(Recorded data)

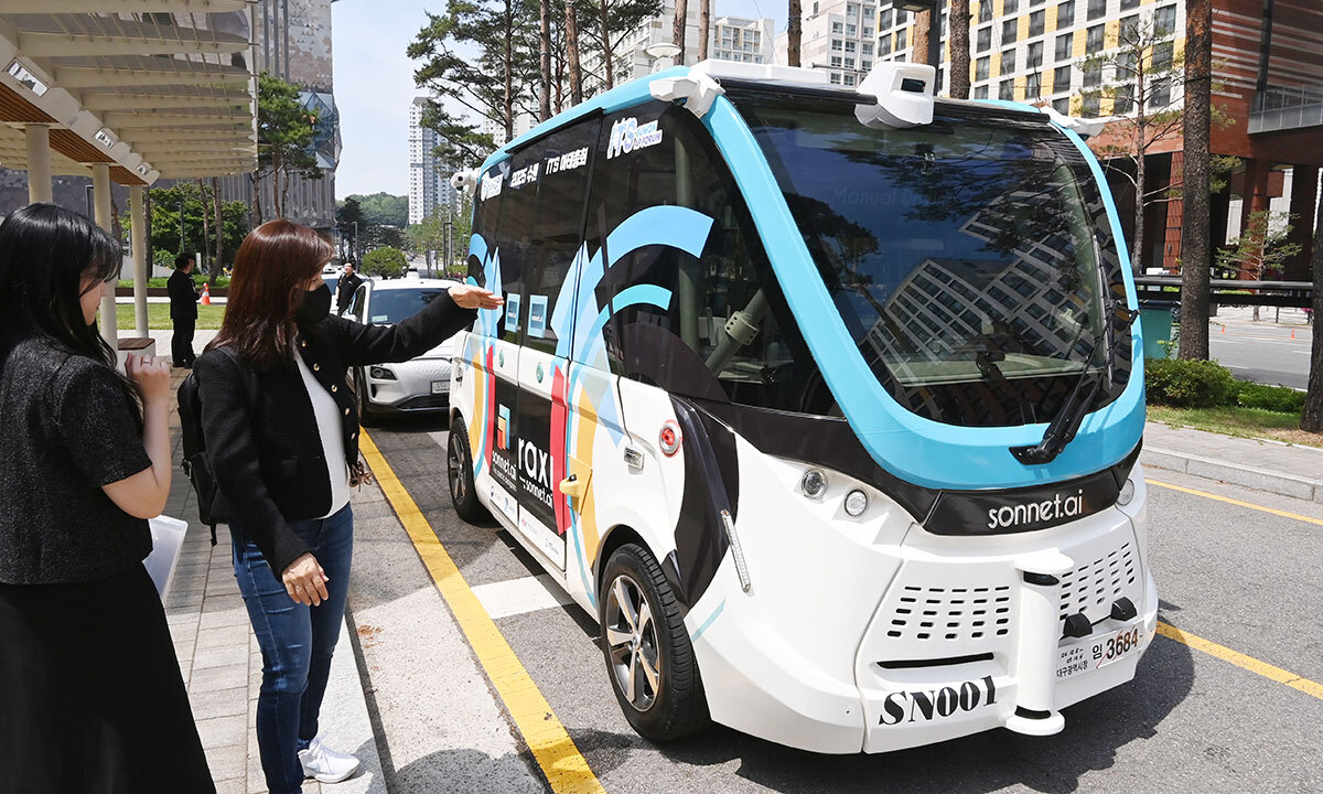 ‘2025 수원 지능형교통체계(ITS) 아태총회’를 이틀 앞둔 26일 경기 수원시 영통구 광교일대에서 자율주행차량이 시운전을 하고 있다. 자율주행차량은 행사가 열리는 28일부터 30일까지 수원컨벤션센터, 광교중앙역, 홍재교삼거리, 센트럴파크로사거리에 이르는 3.2㎞ 노선을 차량 5대가 오전 9시30분부터 11시30분, 오후 1시30분부터 4시까지 30분 단위로 운행한다.
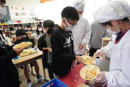 焼き飯を戻しているので不思議に思い理由を聞くと、配分を間違えて何人か分が足らなくなってしまい、みんなで「協力」しあっていたそうです。
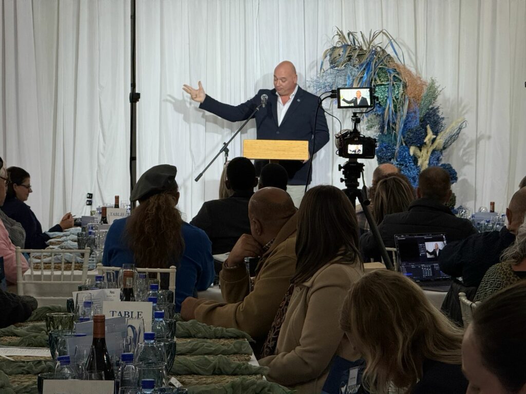Susan Visagie (CFO and owner of the Great White House Restaurant) treated us to time-lapse footage of Susy the Whale, the skeleton of an adult Southern Right Whale now suspended in the restaurant’s ceiling. She spoke of Wilfred’s seemingly impossible dreams and how, after 25 years by his side, she’s learned that with hard work, any dream can come true. Susan then introduced Chef Chris Pead, whose foraging-inspired menu exemplifies the region’s deep culinary roots. A short break followed, accompanied by Renate Riedemann’s evocative violin, perfectly capturing the natural beauty of Gansbaai.
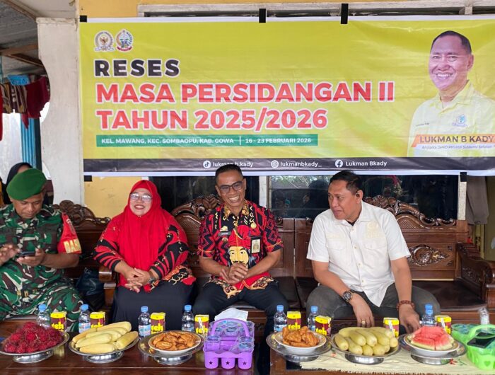 LENSA, GOWA – Anggota DPRD Provinsi Sulawesi Selatan sekaligus Ketua Fraksi Partai Golkar, Lukman B. Kady, melaksanakan kegiatan Reses Masa Persidangan II Tahun 2025/2026 di Kelurahan Mawang, Kecamatan Sombaopu, Kabupaten Gowa, Senin (16/2/2026).
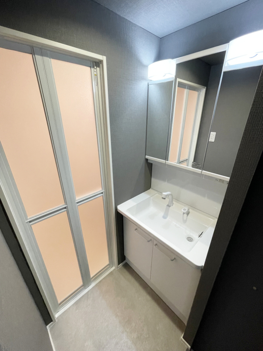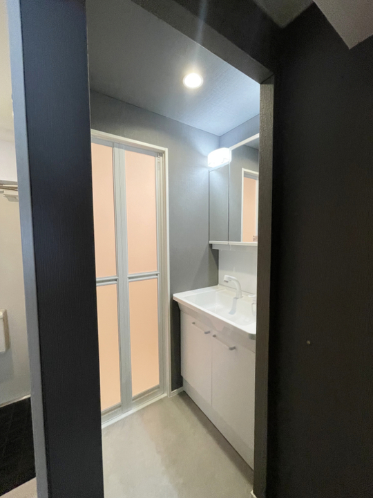浴室部分がシャワールーム。洗い場部分が洗面所になりました。
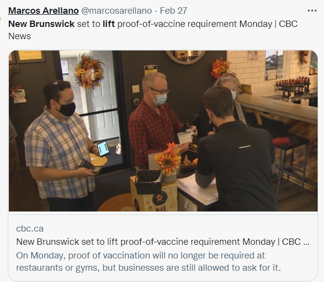 昨天2月28日周壹生效,P.E.I. 停止使用疫苗護照,並取消對未接種疫苗的旅行者的隔離要求。
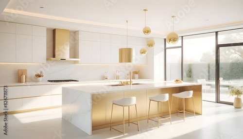 white and gold theme interior modern minimalism photo realism
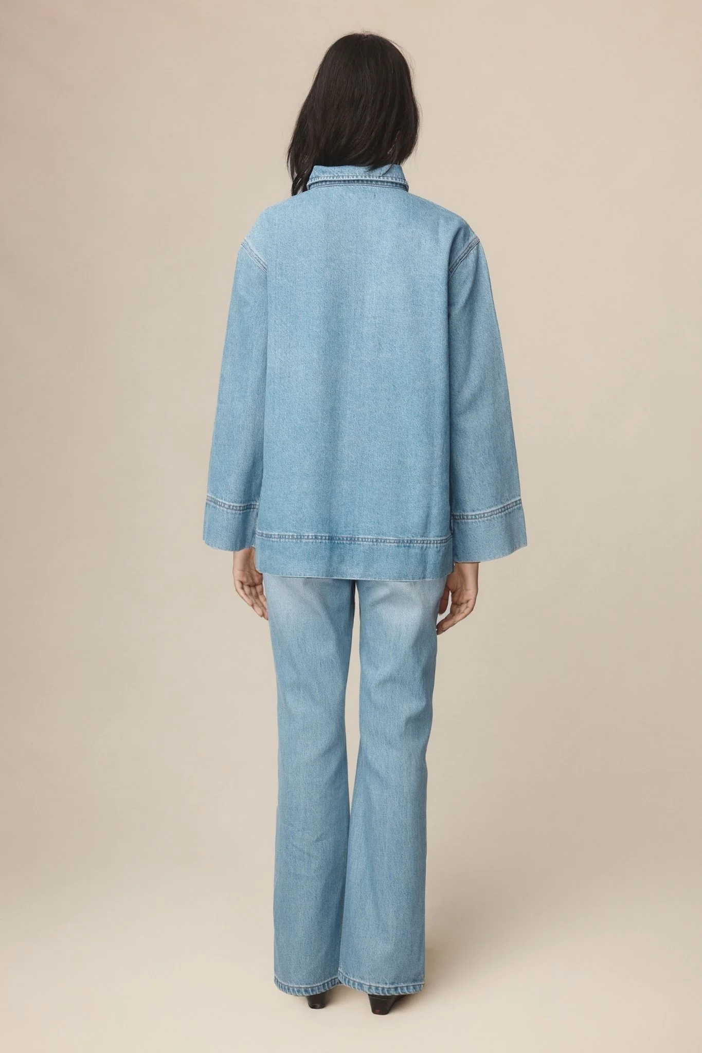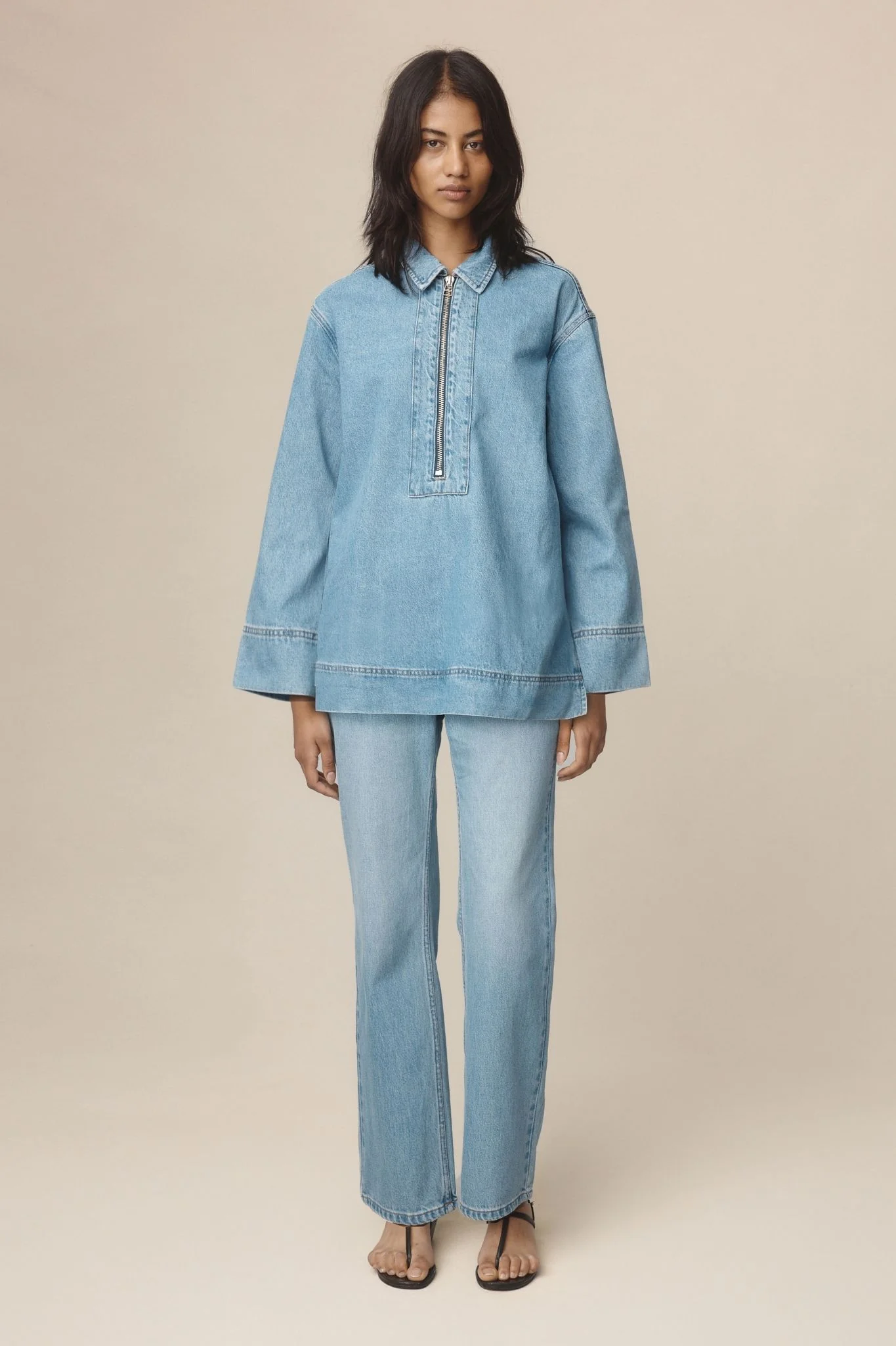 This pullover-style denim shirt balances utility with a relaxed, modern shape. Designed with a slightly boxy fit, it features a clean stand collar and a half-zip front placket for adjustable styling. Wide, straight sleeves and a straight hem enhance its easy wearing shape. Subtle splits in the hem are relaxed and flattering, being able to glimpse what is worn underneath. Minimal detailing and tonal stitching keep the look refined, making it a versatile layering piece across seasons. The length falls to the hip.

PROBLEM
Return each entry above unchanged. Leave the pictures out.

SOLUTION TO THE PROBLEM
 ‘2025 수원 지능형교통체계(ITS) 아태총회’를 이틀 앞둔 26일 경기 수원시 영통구 광교일대에서 자율주행차량이 시운전을 하고 있다. 자율주행차량은 행사가 열리는 28일부터 30일까지 수원컨벤션센터, 광교중앙역, 홍재교삼거리, 센트럴파크로사거리에 이르는 3.2㎞ 노선을 차량 5대가 오전 9시30분부터 11시30분, 오후 1시30분부터 4시까지 30분 단위로 운행한다.
 焼き飯を戻しているので不思議に思い理由を聞くと、配分を間違えて何人か分が足らなくなってしまい、みんなで「協力」しあっていたそうです。
Susan Visagie (CFO and owner of the Great White House Restaurant) treated us to time-lapse footage of Susy the Whale, the skeleton of an adult Southern Right Whale now suspended in the restaurant’s ceiling. She spoke of Wilfred’s seemingly impossible dreams and how, after 25 years by his side, she’s learned that with hard work, any dream can come true. Susan then introduced Chef Chris Pead, whose foraging-inspired menu exemplifies the region’s deep culinary roots. A short break followed, accompanied by Renate Riedemann’s evocative violin, perfectly capturing the natural beauty of Gansbaai.
 LENSA, GOWA – Anggota DPRD Provinsi Sulawesi Selatan sekaligus Ketua Fraksi Partai Golkar, Lukman B. Kady, melaksanakan kegiatan Reses Masa Persidangan II Tahun 2025/2026 di Kelurahan Mawang, Kecamatan Sombaopu, Kabupaten Gowa, Senin (16/2/2026).
浴室部分がシャワールーム。洗い場部分が洗面所になりました。
 昨天2月28日周壹生效,P.E.I. 停止使用疫苗護照,並取消對未接種疫苗的旅行者的隔離要求。
 white and gold theme interior modern minimalism photo realism
 This pullover-style denim shirt balances utility with a relaxed, modern shape. Designed with a slightly boxy fit, it features a clean stand collar and a half-zip front placket for adjustable styling. Wide, straight sleeves and a straight hem enhance its easy wearing shape. Subtle splits in the hem are relaxed and flattering, being able to glimpse what is worn underneath. Minimal detailing and tonal stitching keep the look refined, making it a versatile layering piece across seasons. The length falls to the hip.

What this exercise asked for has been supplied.